57 pages • 1 hour read
Content Warning: This section discusses women’s objectification.
Holly’s title, and the brief introductory quote to each of her 17 chapters, are drawn from Lewis Carroll’s 1865 book Alice’s Adventures in Wonderland. Holly uses these quotes symbolically, to make statements about what she is experiencing at different points in her Playboy journey. Holly places the following excerpt at the beginning of Chapter 10: “‘I can’t help it,’ said Alice very meekly: ‘I’m growing.’ ‘You have no right to grow here,’ said the Dormouse” (188). This quote presages a period of enlightenment for Holly, during which she begins to recognize the potential of reality television and of her own abilities. Though it certainly was not what Hefner wants to happen, Holly grows dramatically. Thus, each of the Carroll quotations serves as a prelude to the events of the upcoming chapter.

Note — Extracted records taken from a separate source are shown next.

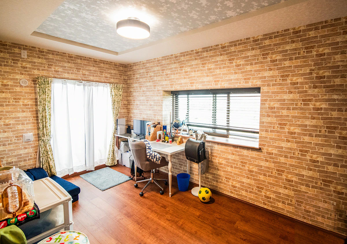 壁に使用されているタイル調の壁紙は、室内の雰囲気を一新させました。細部にわたる提案をおこない、家族の成長も見据えたプランが完成しました(施工:木下のリフォーム)。
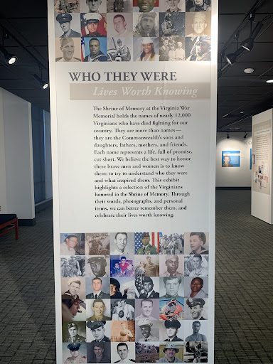 ย ย ย Read moreIf you have the pleasure of catching a volunteer by the name Mr. Gayen then you will be in for a treat. I may as well have had leprosy for the rest of the staff. When the old guard goes out of these historical sites, then we are all in for a reckoning. You canโt get to the centerpiece, the statue and names, right now as the glass outside of it is being repaired due to man made destruction. The video downstairs on the Birmingham was incredibly well done and touching to say the least. I figured out how to play it myself as the staff downstairs was engaged in perpetual water cooler talk. The artifacts and history of munitions throughout the wars Virginians engaged in were very informative. Downstairs they have an art exhibit that is great, but the main exhibit upstairs wonโt be ready until October as they reset from...
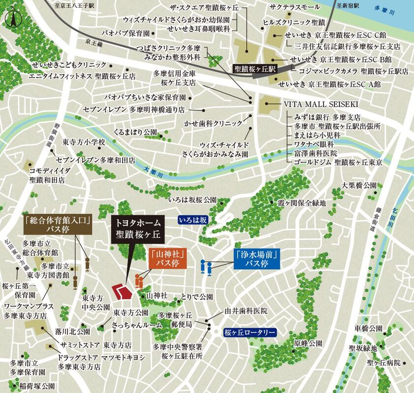 - 京王線「聖蹟桜ヶ丘」駅 「総合体育館入口」バス停へ徒歩4~5分・京王線「聖蹟桜が丘」駅までバス11分 徒歩4分~5分京王線「聖蹟桜ヶ丘」駅 「浄水場前」バス停へ徒歩6~7分・京王線「聖蹟桜ヶ丘」駅までバス7分 徒歩6分~7分
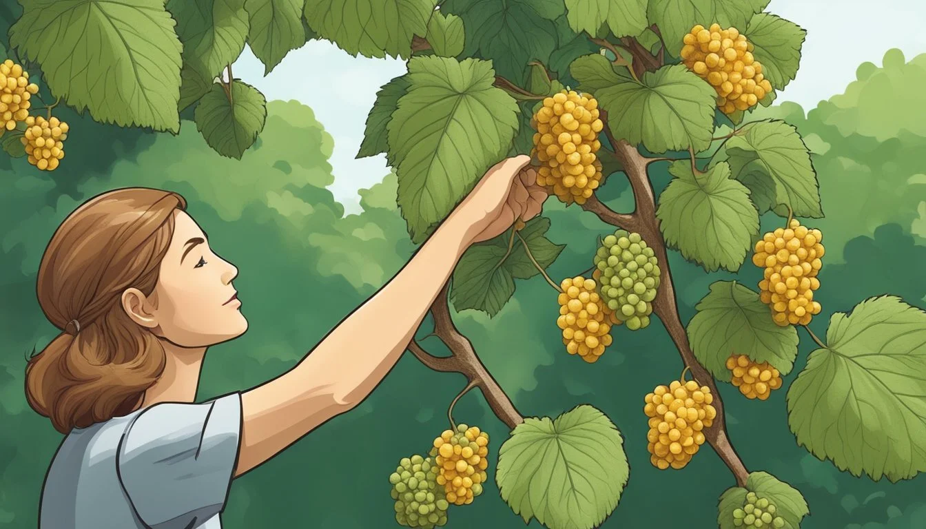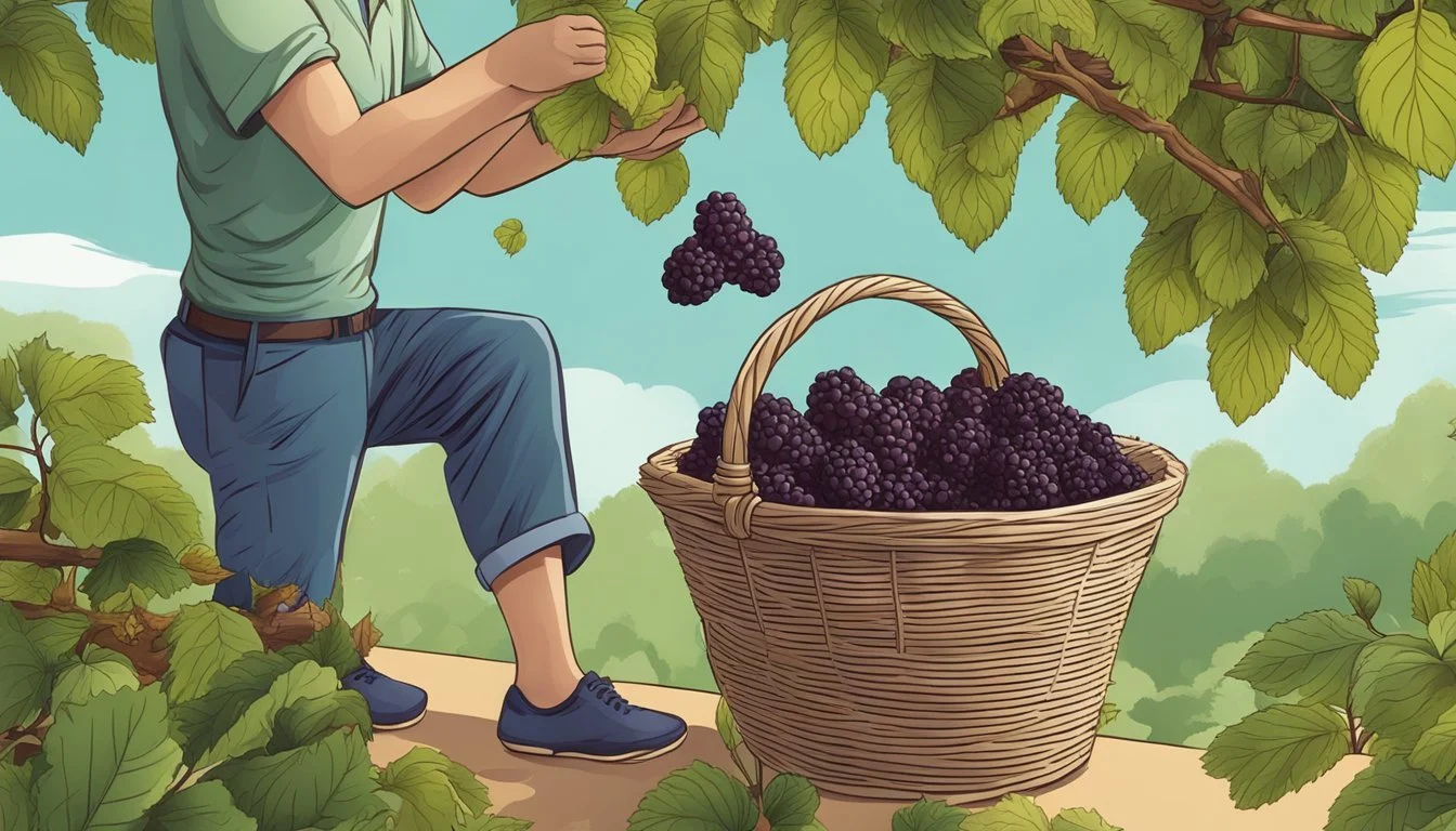 To use the Shaking Method, one should spread a clean tarp or sheet under the mulberry tree. This will catch berries as they fall. Gently shake the branches of the tree, causing ripe mulberries to loosen and drop. It's important to shake with controlled movements to prevent harming the tree and only harvest the ripest fruits. Gather the fallen berries from the tarp, ensuring they are free from debris before consumption or storage.
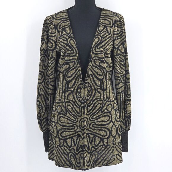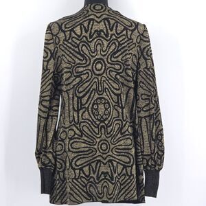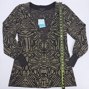 Ming Wang Cardigan Sweater Womens Small Black Gold Metallic Knit Quiet Luxury

The underlying symbolic meaning of Holly’s use of Alice’s Adventures in Wonderland refers to Holly’s personal journey: An innocent young girl falls down a rabbit hole into a bizarre world, where nothing makes sense, and she must find her own way back to a meaningful reality. By relying on Carroll in this way, Holly symbolically says she fell into a rabbit hole—a bunny being the trademark of Playboy—moved through the surreal world, and returned to the real world, bruised but intact.